In this embodiment, the multi-stage compressor 20 compresses the stripping gas discharged from the storage tank 10. The multi-stage compressor 20 may include multiple compression cylinders, for example, three compression cylinders 21, 22, 23, as shown in FIG. 1. In addition, the multi-stage compressor 20 may include a plurality of coolers. A plurality of coolers are evenly spaced between the plurality of compression cylinders for cooling the stripping gas, the pressure and temperature of which increase during compression by the compression cylinders. In FIG. 1, the first cooler 32 is located between the first compression cylinder 21 and the second compression cylinder 22, and the second cooler 33 is located between the second compression cylinder 22 and the third compression cylinder 23.

The fluid subjected to multi-stage compression and cooling in the multi-stage compressor 20 is supplied to the first heat exchanger 31 located in front of the multi-stage compressor 20. The first heat exchanger 31 cools the fluid passing through the multi-stage compressor 20 (stream a) during its own heat exchange using steam gas discharged from the storage tank 10 as a refrigerant. In the expression “own heat transfer”, “own” means that the stripping gas itself is used as a refrigerant for heat transfer. The stripping gas discharged from the storage tank 10 and used as a refrigerant in the first heat exchanger 31 is supplied to the multi-stage compressor 20, and the fluid passing through the multi-stage compressor 20 and cooled by the first heat exchanger 31 (stream a) is supplied to the third heat exchanger 40.

In this embodiment, the fluid passing through the multi-stage compressor 20 may be cooled by the second heat exchanger 34 before being supplied to the first heat exchanger 31. The second heat exchanger 34 may use a separate refrigerant, such as sea water, as a refrigerant for cooling the stripping gas. Alternatively, the second heat exchanger 34 may be configured to use the stripping gas itself as a refrigerant, similar to the first heat exchanger 31.

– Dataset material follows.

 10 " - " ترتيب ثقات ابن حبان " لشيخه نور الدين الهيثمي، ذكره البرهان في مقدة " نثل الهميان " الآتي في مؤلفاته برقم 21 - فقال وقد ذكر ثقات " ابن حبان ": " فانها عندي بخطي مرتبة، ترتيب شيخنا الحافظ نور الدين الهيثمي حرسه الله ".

The pressure at which the fluid subjected to multi-stage compression in the multi-stage compressor 20 is discharged from the multi-stage compressor 20 (hereinafter, the “pressure at the outlet of the multi-stage compressor”) can be determined based on the temperature of the fluid discharged from the second heat exchanger 34 after cooling by the second heat exchanger 34. Preferably, the pressure at the outlet of the multi-stage compressor 20 is determined by the pressure of the saturated liquid corresponding to the temperature of the fluid discharged from the second the heat exchanger 34 after cooling by the second heat exchanger 34. That is, in the case where the liquefied gas is LPG, the pressure at the outlet of the multi-stage compressor 20 can be determined by the pressure at which at least a portion of the fluid passing through the second heat exchanger 34 is converted into a saturated liquid. In addition, the pressure at which the fluid passing through each compression stage is discharged from the corresponding compression cylinder can be determined by the efficiency of the corresponding compression cylinder.

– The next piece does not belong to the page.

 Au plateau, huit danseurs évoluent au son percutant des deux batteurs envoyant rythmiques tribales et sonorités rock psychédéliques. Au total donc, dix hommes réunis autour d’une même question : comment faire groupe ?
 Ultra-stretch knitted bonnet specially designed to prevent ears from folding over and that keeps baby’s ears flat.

The fluid passing through the multi-stage compressor 20 and the first heat exchanger 31 (stream a) is divided into two streams a1, a2 in front of the third heat exchanger 40. The stream a1 is expanded by the first decompressor 71 to lower the temperature and then used as refrigerant in the third heat exchanger 40, and stream a2 is heat exchanged in a third heat exchanger 40 for cooling and then expanded by a second decompressor 72 for partial or complete re-liquefaction. The fluid partially or completely re-liquefied by the second decompressor 72 is supplied to the storage tank 10, and the fluid used as refrigerant in the third heat exchanger 40 (stream a1) is supplied to the multi-stage compressor 20.

Depending on the degree of expansion of the first decompressor 71, the fluid used as a refrigerant in the third heat exchanger 40 and supplied to the multi-stage compressor 20 may be connected to a fluid having a pressure similar to that of the above-mentioned fluid from fluids subjected to multi-stage compression in a multi-stage compressor 20. In FIG. 1 shows that a fluid used as a refrigerant in a third heat exchanger 40 and supplied to a multi-stage compressor 20 is connected to another steam stream between the first compression cylinder 21 and the first cooler 32.

In this embodiment, each of the first decompressor 71 and the second decompressor 72 may be an expansion valve, for example, a Joule-Thomson valve, or may be an expansion valve depending on the configuration of the system. In this embodiment, the first heat exchanger 31 may be an economizer, and the third heat exchanger 40 may be an intercooler.

For example, in the case where the liquefied gas is LPG, the fluid compressed by the multi-stage compressor 20 passes through a second heat exchanger 34 for cooling. Here, at least a portion of the fluid can be liquefied by the second heat exchanger 34 and supercooled by the first heat exchanger 31. In addition, the fluid supercooled by the first heat exchanger 31 is divided into stream a1 and stream a2, with stream a1 being used as a refrigerant in the third heat exchanger 40 after expansion the first decompressor 71, and stream a2 is re-cooled by the third heat exchanger 40 using expansion stream a1 as a refrigerant. The stream a2, supercooled by the third heat exchanger 40, is expanded by the second decompressor 72 and then returned in the liquid phase to the storage tank 10.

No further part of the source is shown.